第六天
在機場往市區的巴士上不斷睡去、醒來、睡去又醒來。到站後拖著行李從商場走回家。
巴士上有一個說國語的男人,與我一起在總站下車,他問我哪兒有中國銀行。
我問了商場的清潔工,她說這兒沒有中銀,只有另一間中國銀行。
於是我跟這男子說,我沿路回家有中銀,你跟我走吧。
他問我從哪兒回來,我說印度旅行。他說他到過一次印度,去孟買,那裏有啥好玩有啥好看。
然後他問,在中銀裏能把錢換成美金嗎?我說可以啊。他說他的存摺是大陸的中國銀行發出,於是我想起數年前我在中國無法取錢的經驗。
我一面勞累地拖著我的行李,一邊跟他解說著,他一邊從旁看著,一邊看起來仍然有點迷惘的樣子。
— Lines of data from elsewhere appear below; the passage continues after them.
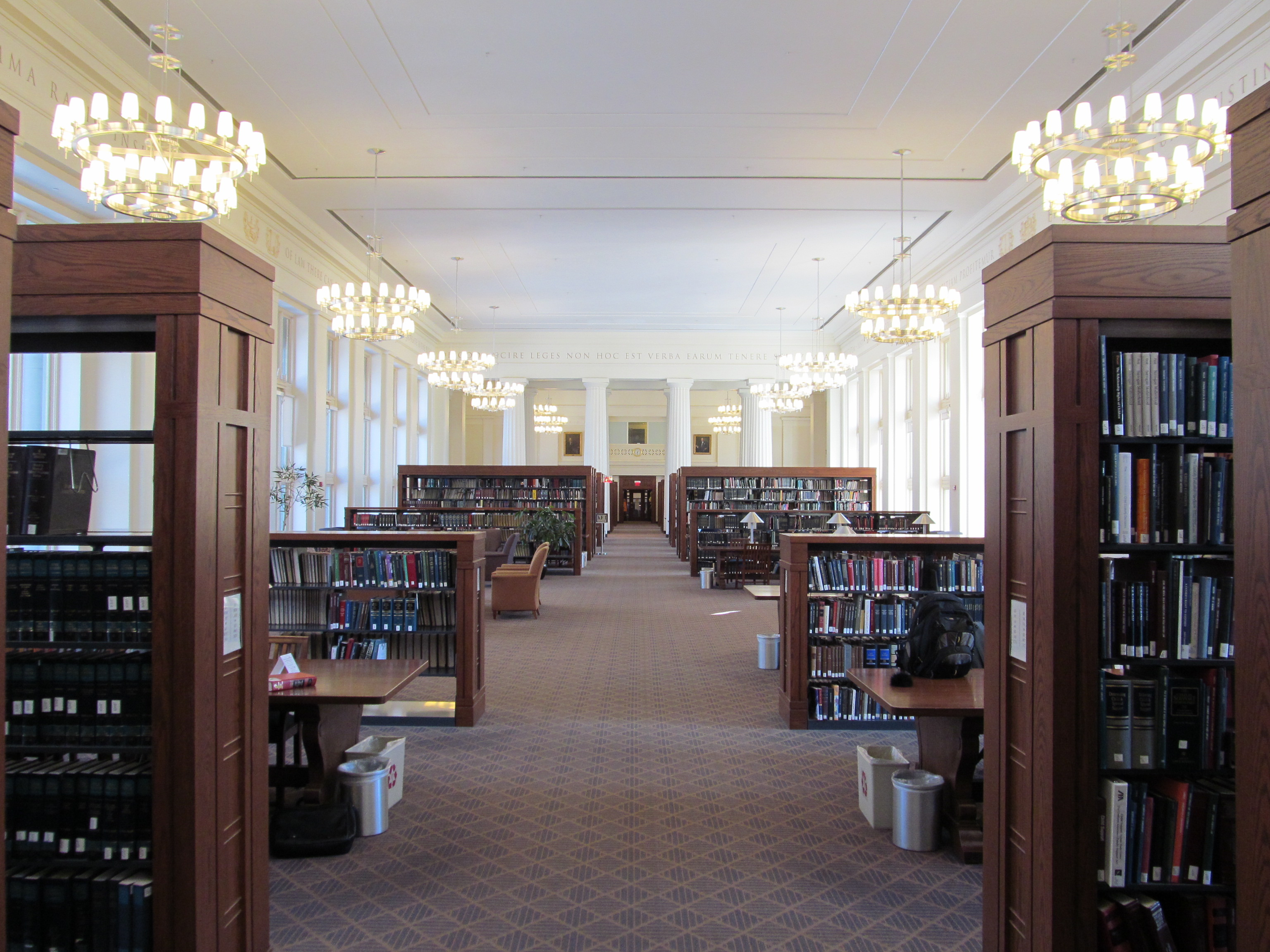 Reading Room, Langdell Hall, Harvard University, Cambridge Massachusetts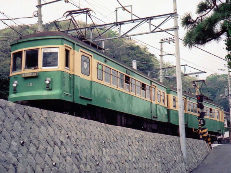 Enoshima Electric Railway type 300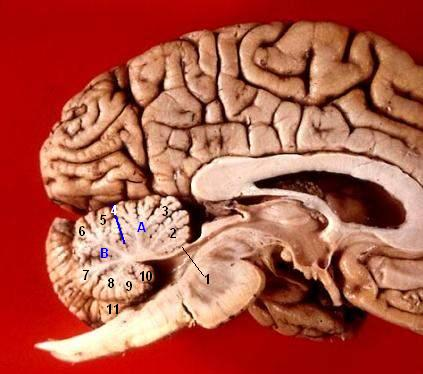 Human brain - midsagittal view - cerebellum Velum medullare superius, Lingula cerebelli Lobulus centralis Culmen Fissura prima Declive Folium vermis Tuber vermis Pyramis vermis Uvula vermis Nodulus Tonsilla cerebelli A: Lobus cerebelli anterior, B: Lobus cerebelli posterior, 10: Lobulus flocculonodularis The anterior– posterior divisions (Lobes) are best seen in a midsagittal cut through the vermis. The Anterior Lobe Occupies the vermis and hemispheres rostral to the Primary Fissure. The Posterior Lobe makes up the bulk of the cerebellum, comprising the remaining vermis and hemispheres from the Primary Fissure to the Posterolateral Fissure. The latter fissure separates the Posterior lobe from the Flocculonodular Lobe. The Flocculonodular Lobe (Archicerebellum) is the oldest part of the cerebellum and connects with the vestibular system to coordinate balance and equilibrium. The Anterior Lobe (Paleocerebellum) is associated with the development and coordination of the limbs. The Posterior Lobe (Neocerebellum) developed in association with the development of the cerebral cortex and is associated with the coordination of complex skilled movements. (font: arial black, size: 10)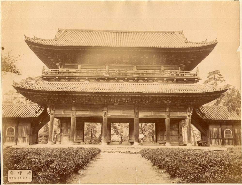 Nanjengi Type: Albumen - Hand Colored Image Size: 8 1/4 x 10 3/4 in Title/Subject: "87" "Nanjengi" in English & Japanese Photograph Studio: Perhaps Yokoyama Matsusaburo Mounted on split card Condition: Good. The title box and lettering is typical of those used by Yokoyama. The number "87" is inscribed in white above the title box.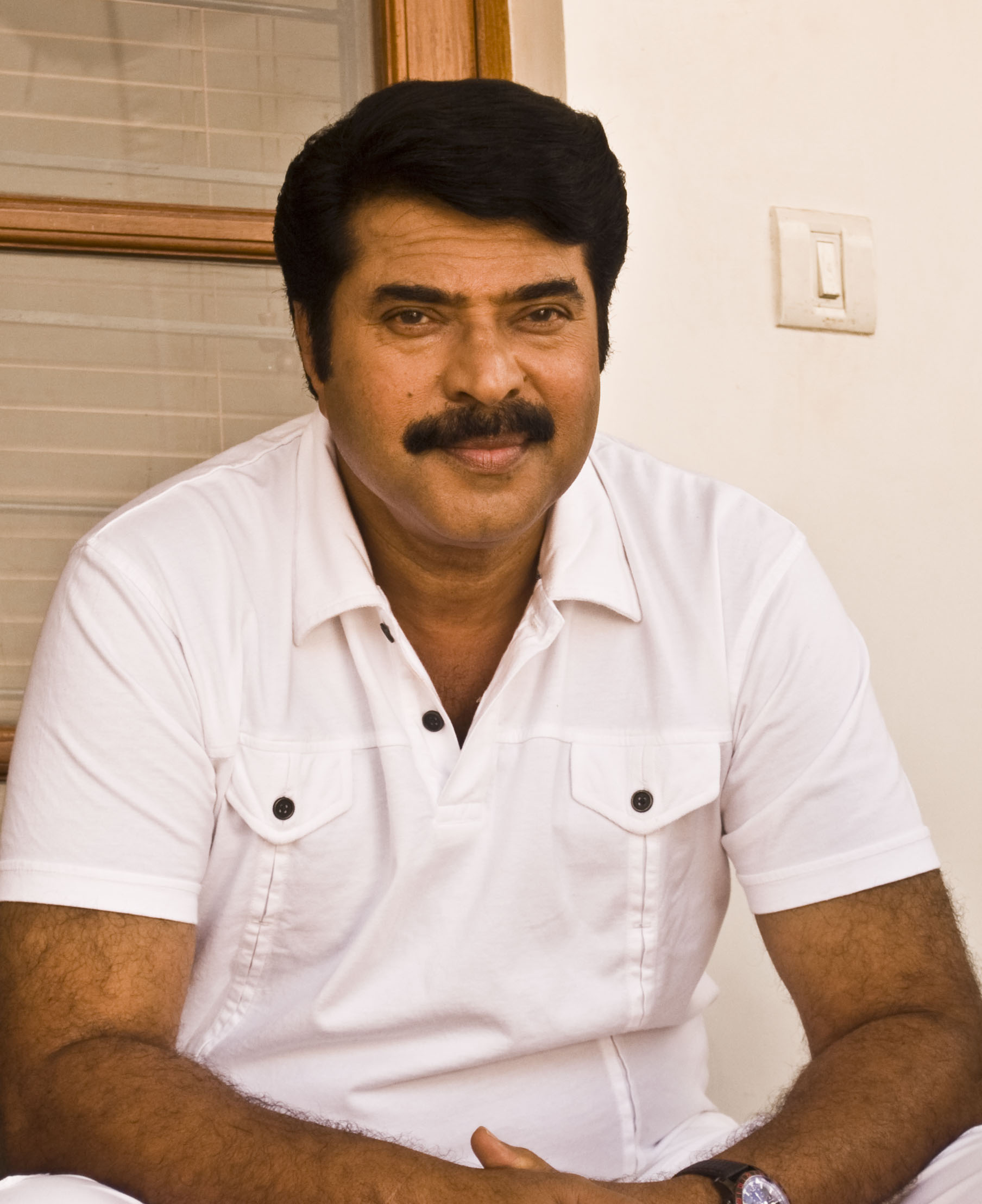 Mamooty during the shoot for South Indian Bank

然後他說換完錢後要到深圳去,問我該怎麼搭車。我講述了幾個搭車的方法,他仍然有點迷惘,似懂不懂的。
然後到我有點迷惘了,我把他帶到中銀的門口,就與他道別了。
一個剛搭完飛機的內地男人,什麼資料都不查,就這樣隨隨便便搭了一個不知往哪兒的車,然後在不知哪個總站下車,提著行李,要到中國銀行把內地存摺內的錢換成美金,然後再搭車回深圳?真的很複雜的一件事。
是不是性別歧視,可能我也是這樣的人,可是我接受不了一個男人這樣子,不清楚自己要幹麼、在哪兒幹、要怎麼幹,。
我在一個極不清醒的狀態,提著個行李與他穿街過巷,極限是把他帶到銀行去,其它的一切就無能為力了。